TASK GOAL:
Your answer must be only the lines below from the one containing "Insert the wire" through the one containing "杭州的春天,藏在西湖十大景色", copied exactly, with the pictures left out.

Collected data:
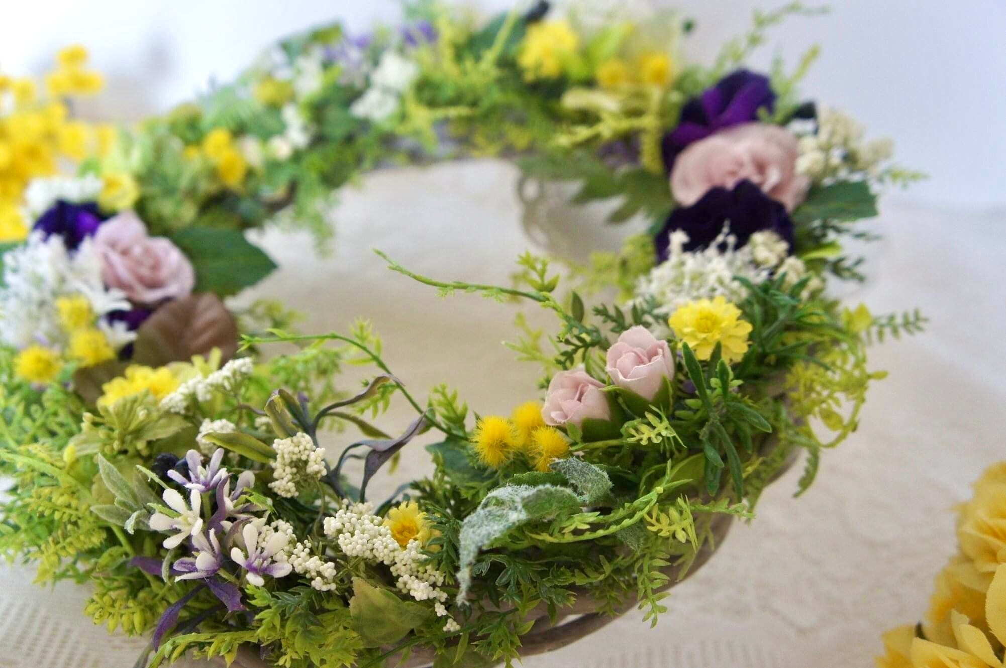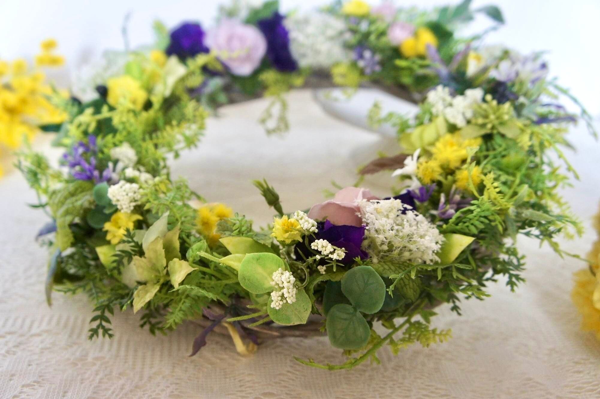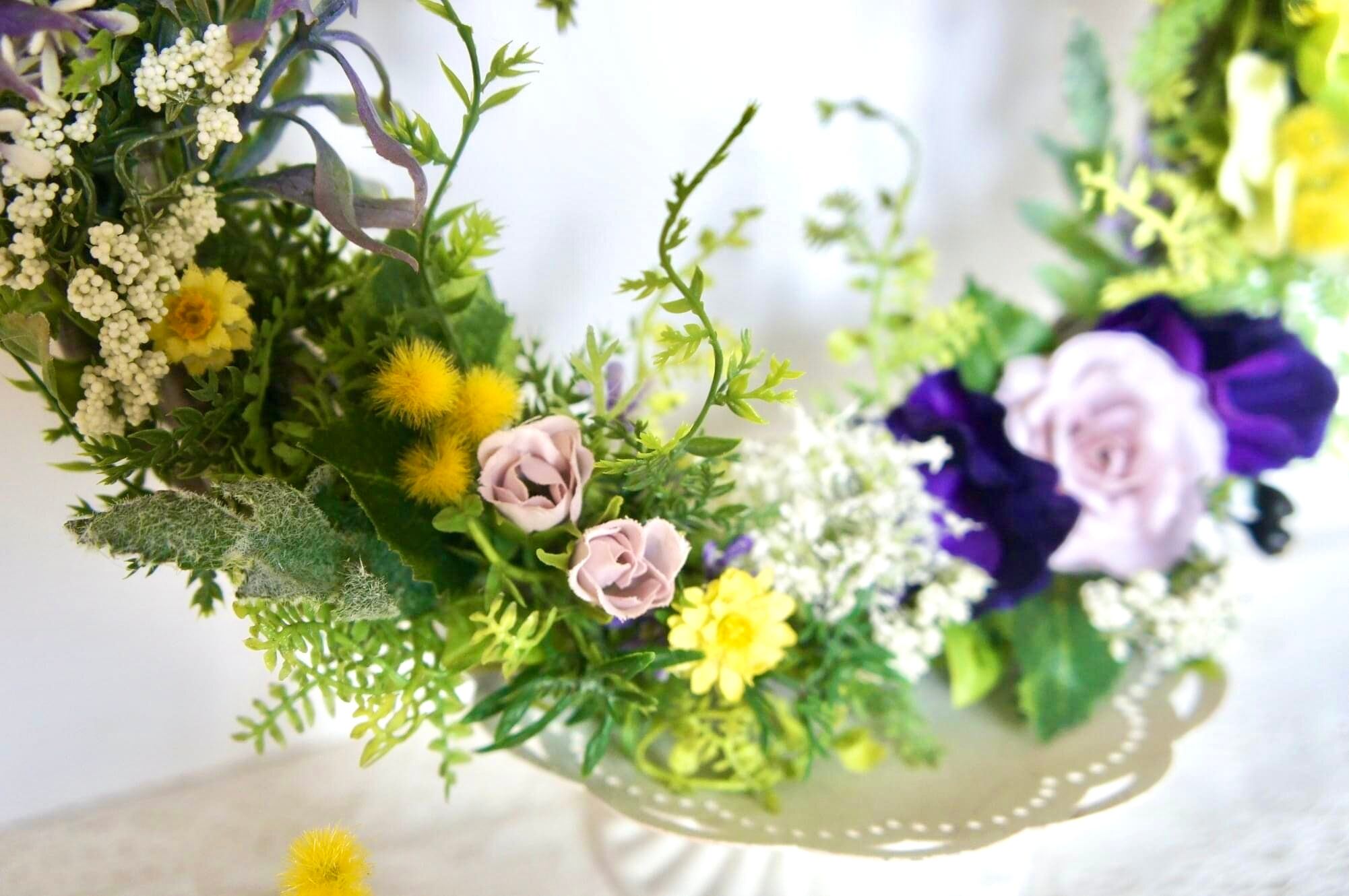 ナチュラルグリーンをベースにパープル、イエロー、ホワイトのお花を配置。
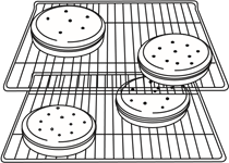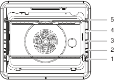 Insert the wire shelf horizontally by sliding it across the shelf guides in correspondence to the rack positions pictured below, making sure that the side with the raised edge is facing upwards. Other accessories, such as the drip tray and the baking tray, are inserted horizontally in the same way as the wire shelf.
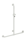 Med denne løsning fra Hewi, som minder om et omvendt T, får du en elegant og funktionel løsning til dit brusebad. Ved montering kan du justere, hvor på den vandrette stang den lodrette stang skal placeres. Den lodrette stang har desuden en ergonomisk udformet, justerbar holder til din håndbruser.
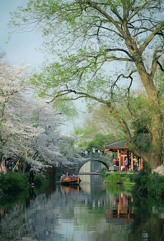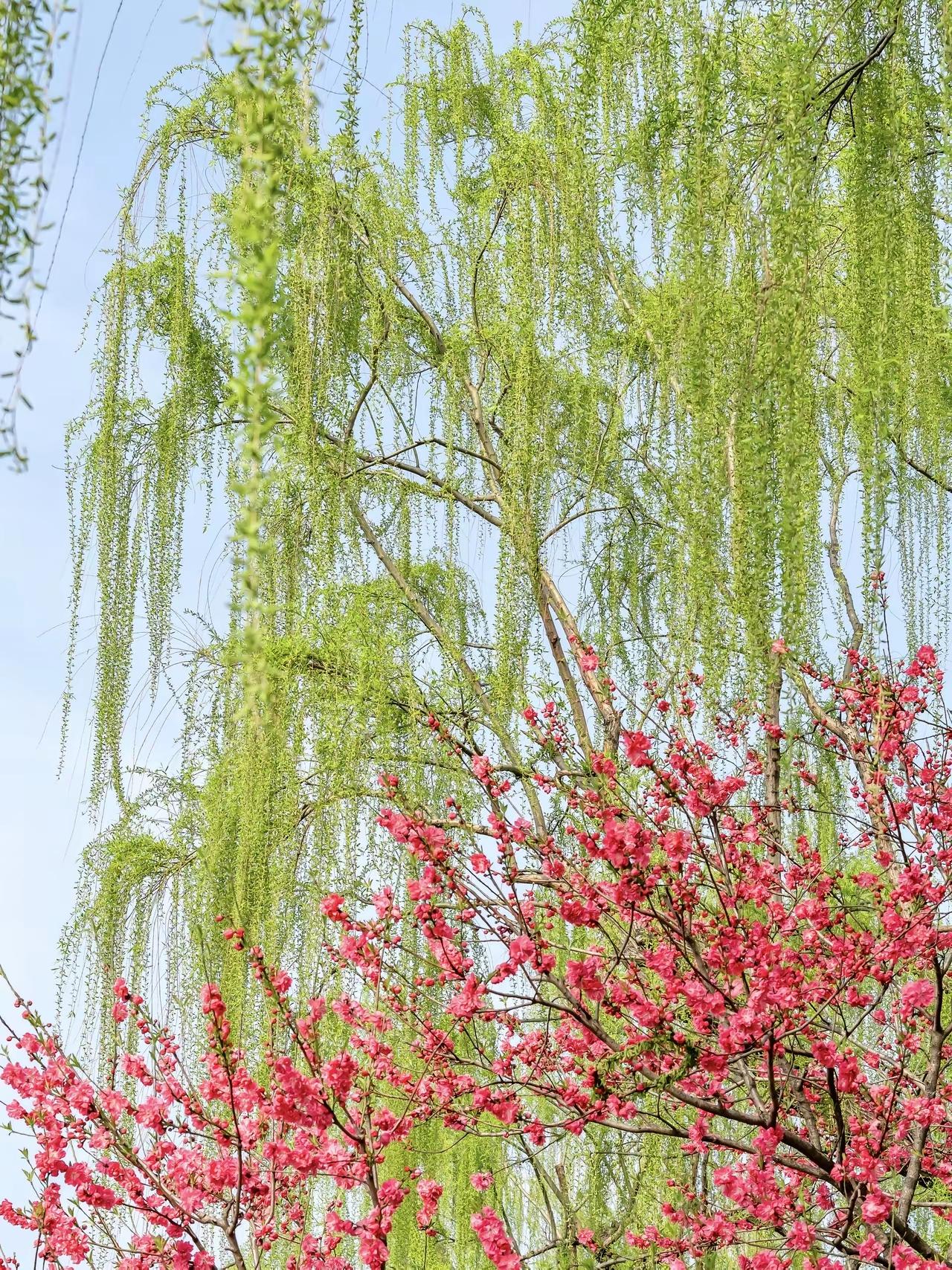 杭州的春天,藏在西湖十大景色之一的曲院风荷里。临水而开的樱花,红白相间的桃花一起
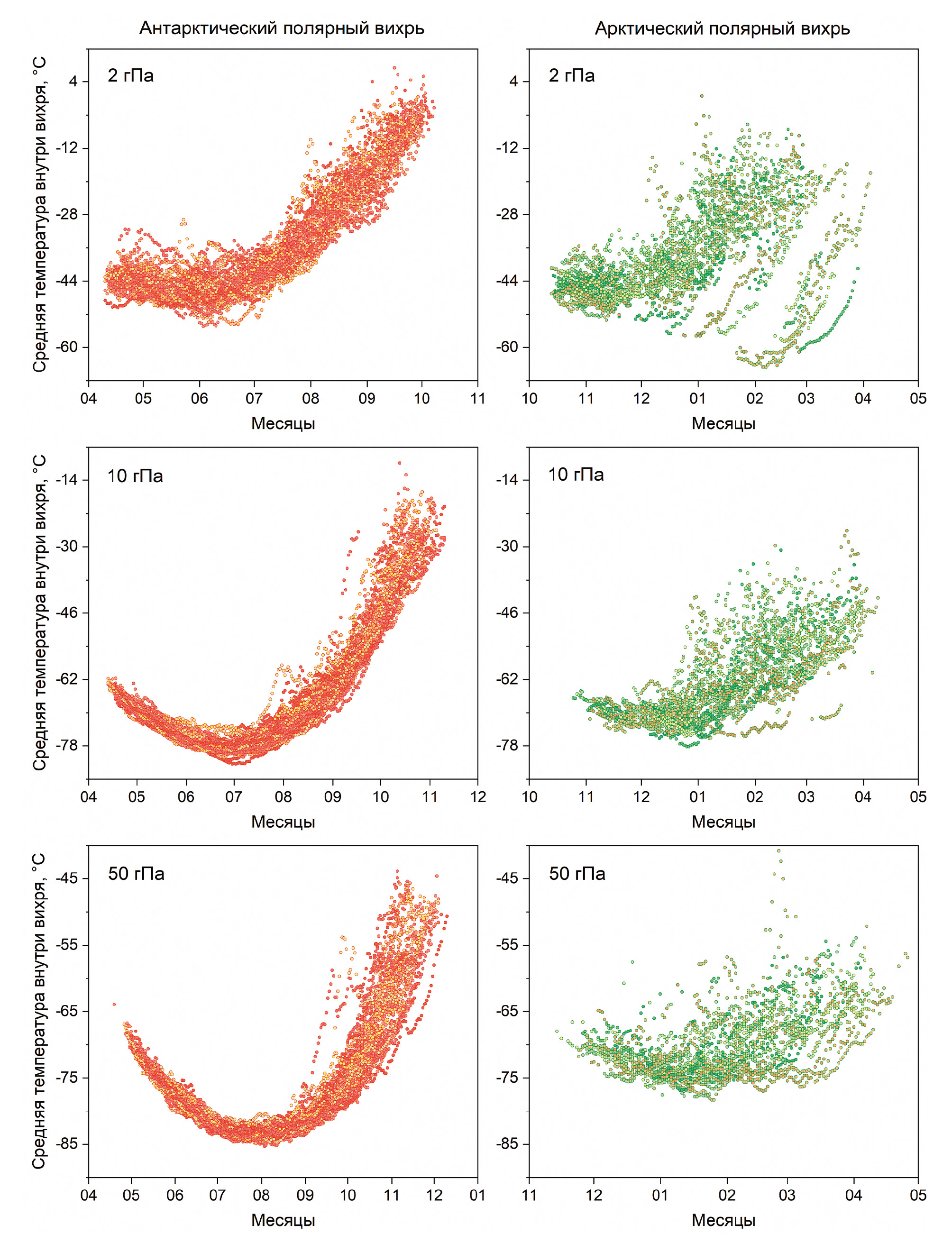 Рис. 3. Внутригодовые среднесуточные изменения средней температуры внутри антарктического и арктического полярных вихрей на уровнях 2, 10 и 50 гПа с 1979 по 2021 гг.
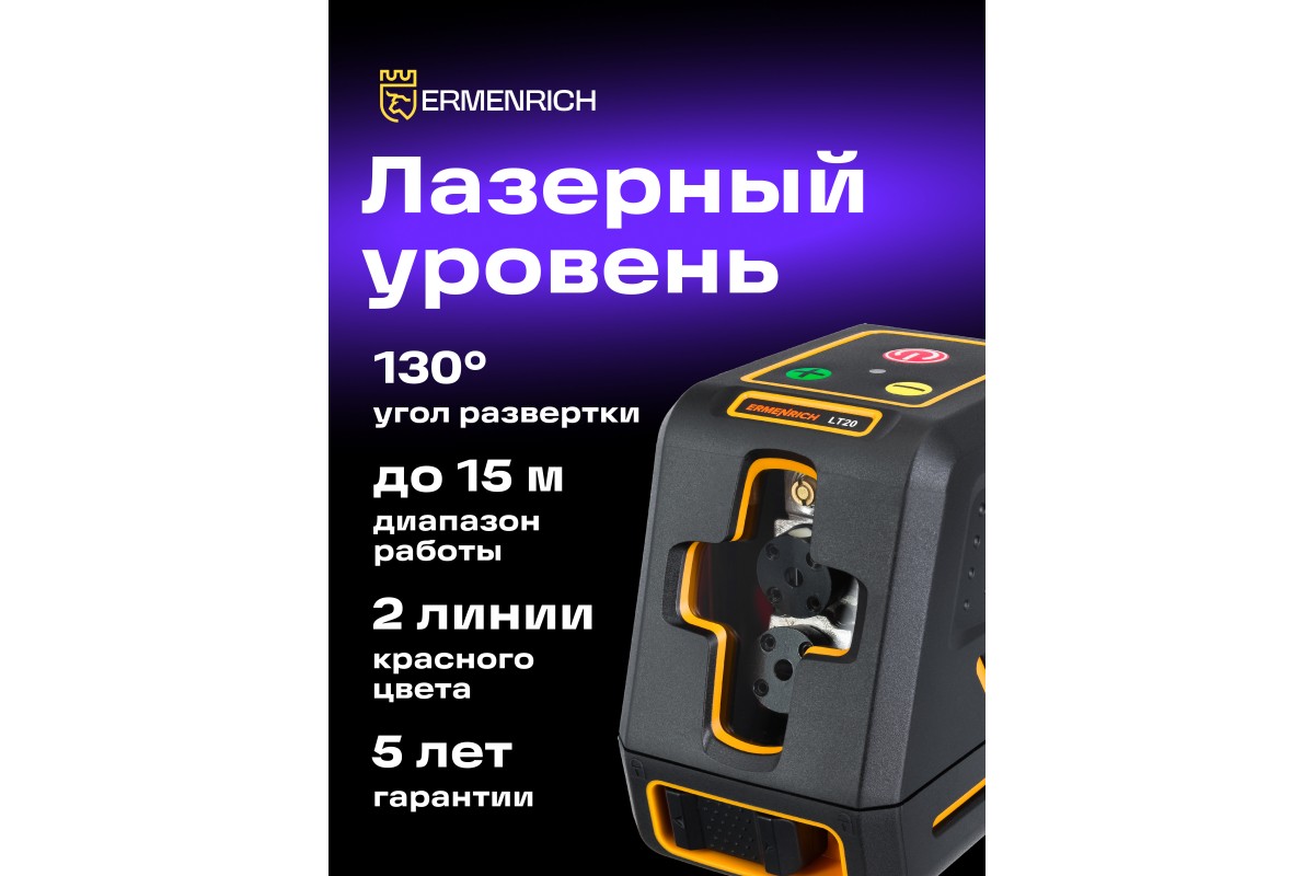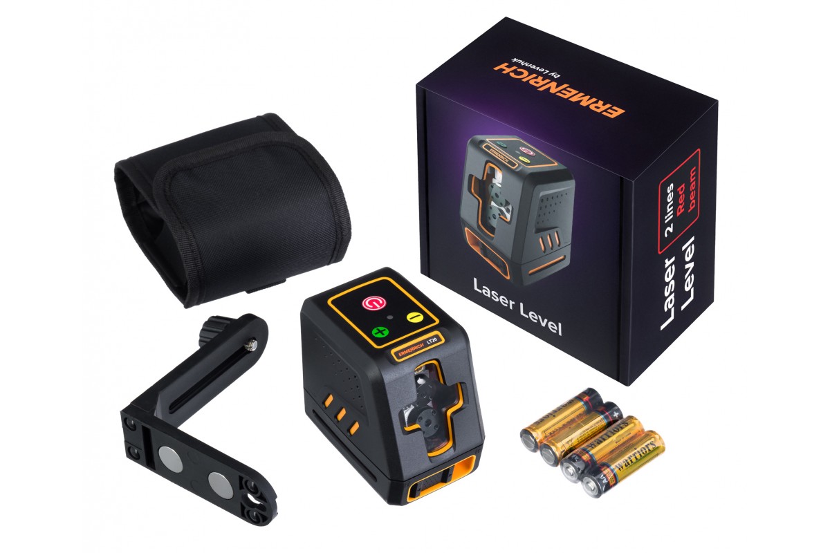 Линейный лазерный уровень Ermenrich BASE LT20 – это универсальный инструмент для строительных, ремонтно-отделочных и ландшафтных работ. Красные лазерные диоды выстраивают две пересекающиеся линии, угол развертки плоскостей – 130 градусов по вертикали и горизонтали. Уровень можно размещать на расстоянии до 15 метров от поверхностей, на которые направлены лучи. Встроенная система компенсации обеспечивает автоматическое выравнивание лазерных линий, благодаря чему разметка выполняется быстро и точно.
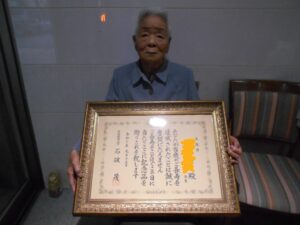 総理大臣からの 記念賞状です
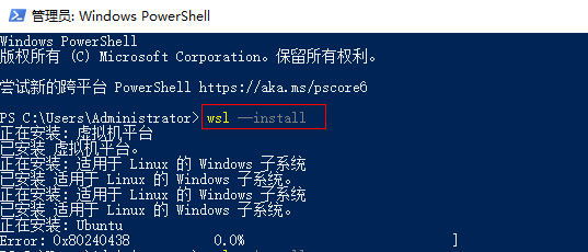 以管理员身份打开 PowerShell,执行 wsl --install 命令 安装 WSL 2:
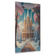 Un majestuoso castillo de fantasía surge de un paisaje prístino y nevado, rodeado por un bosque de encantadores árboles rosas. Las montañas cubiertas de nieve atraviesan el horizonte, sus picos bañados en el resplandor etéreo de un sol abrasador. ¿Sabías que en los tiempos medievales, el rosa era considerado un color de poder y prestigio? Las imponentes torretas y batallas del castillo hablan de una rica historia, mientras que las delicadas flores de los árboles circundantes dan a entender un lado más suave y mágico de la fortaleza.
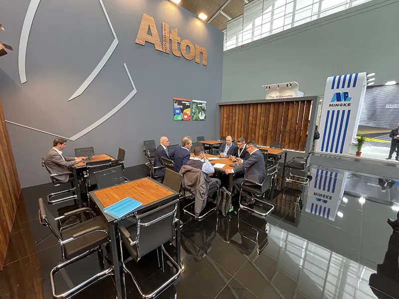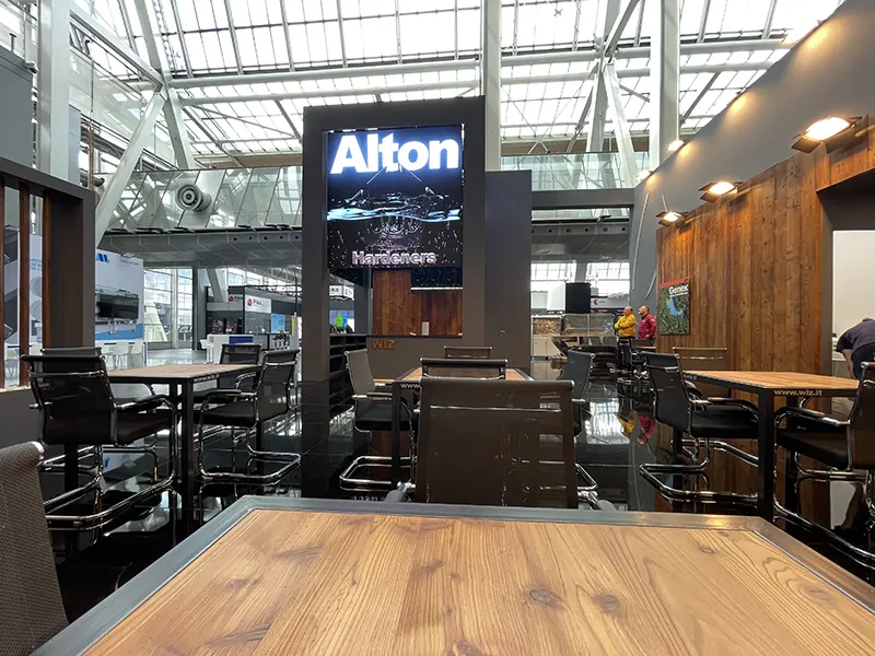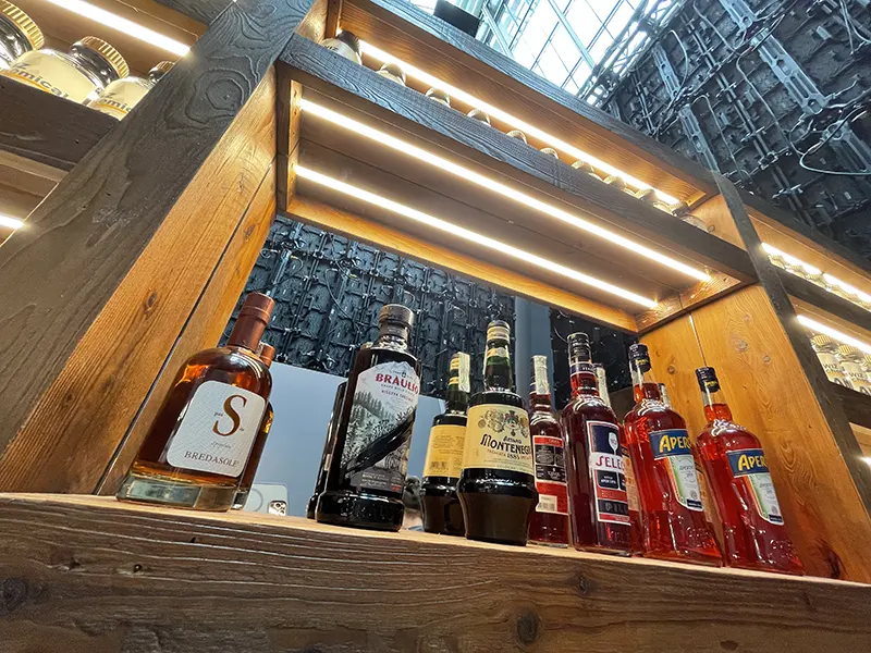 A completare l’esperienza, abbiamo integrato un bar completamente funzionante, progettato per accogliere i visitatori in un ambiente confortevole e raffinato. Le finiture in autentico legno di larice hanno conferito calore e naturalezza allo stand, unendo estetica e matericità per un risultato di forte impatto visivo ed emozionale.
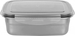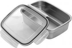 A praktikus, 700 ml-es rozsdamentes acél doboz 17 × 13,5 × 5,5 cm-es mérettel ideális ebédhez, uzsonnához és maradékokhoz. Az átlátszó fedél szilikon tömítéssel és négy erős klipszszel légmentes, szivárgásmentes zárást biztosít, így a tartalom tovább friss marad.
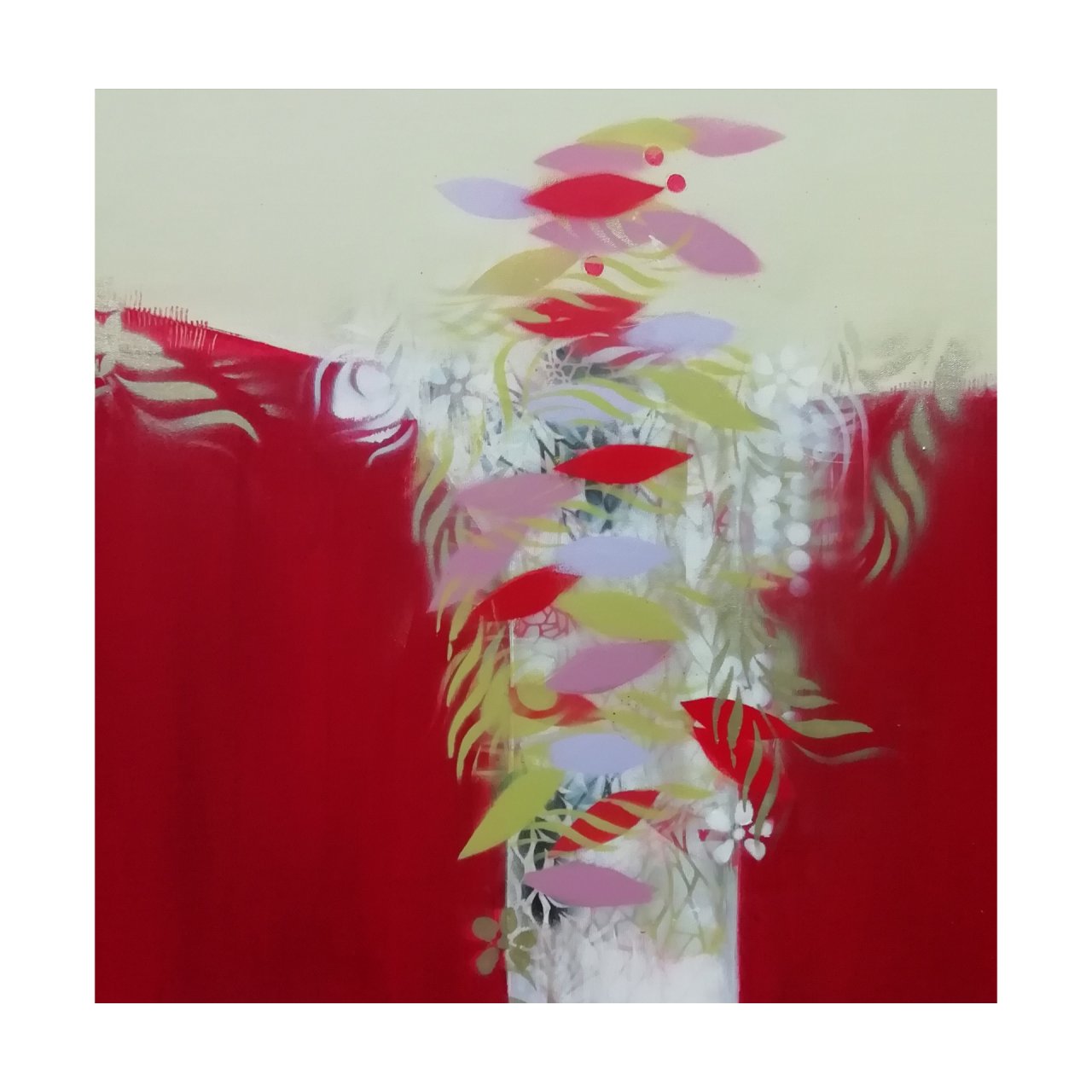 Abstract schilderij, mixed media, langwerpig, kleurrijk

PROBLEM SOLUTION:
 Insert the wire shelf horizontally by sliding it across the shelf guides in correspondence to the rack positions pictured below, making sure that the side with the raised edge is facing upwards. Other accessories, such as the drip tray and the baking tray, are inserted horizontally in the same way as the wire shelf.
 Med denne løsning fra Hewi, som minder om et omvendt T, får du en elegant og funktionel løsning til dit brusebad. Ved montering kan du justere, hvor på den vandrette stang den lodrette stang skal placeres. Den lodrette stang har desuden en ergonomisk udformet, justerbar holder til din håndbruser.
 杭州的春天,藏在西湖十大景色之一的曲院风荷里。临水而开的樱花,红白相间的桃花一起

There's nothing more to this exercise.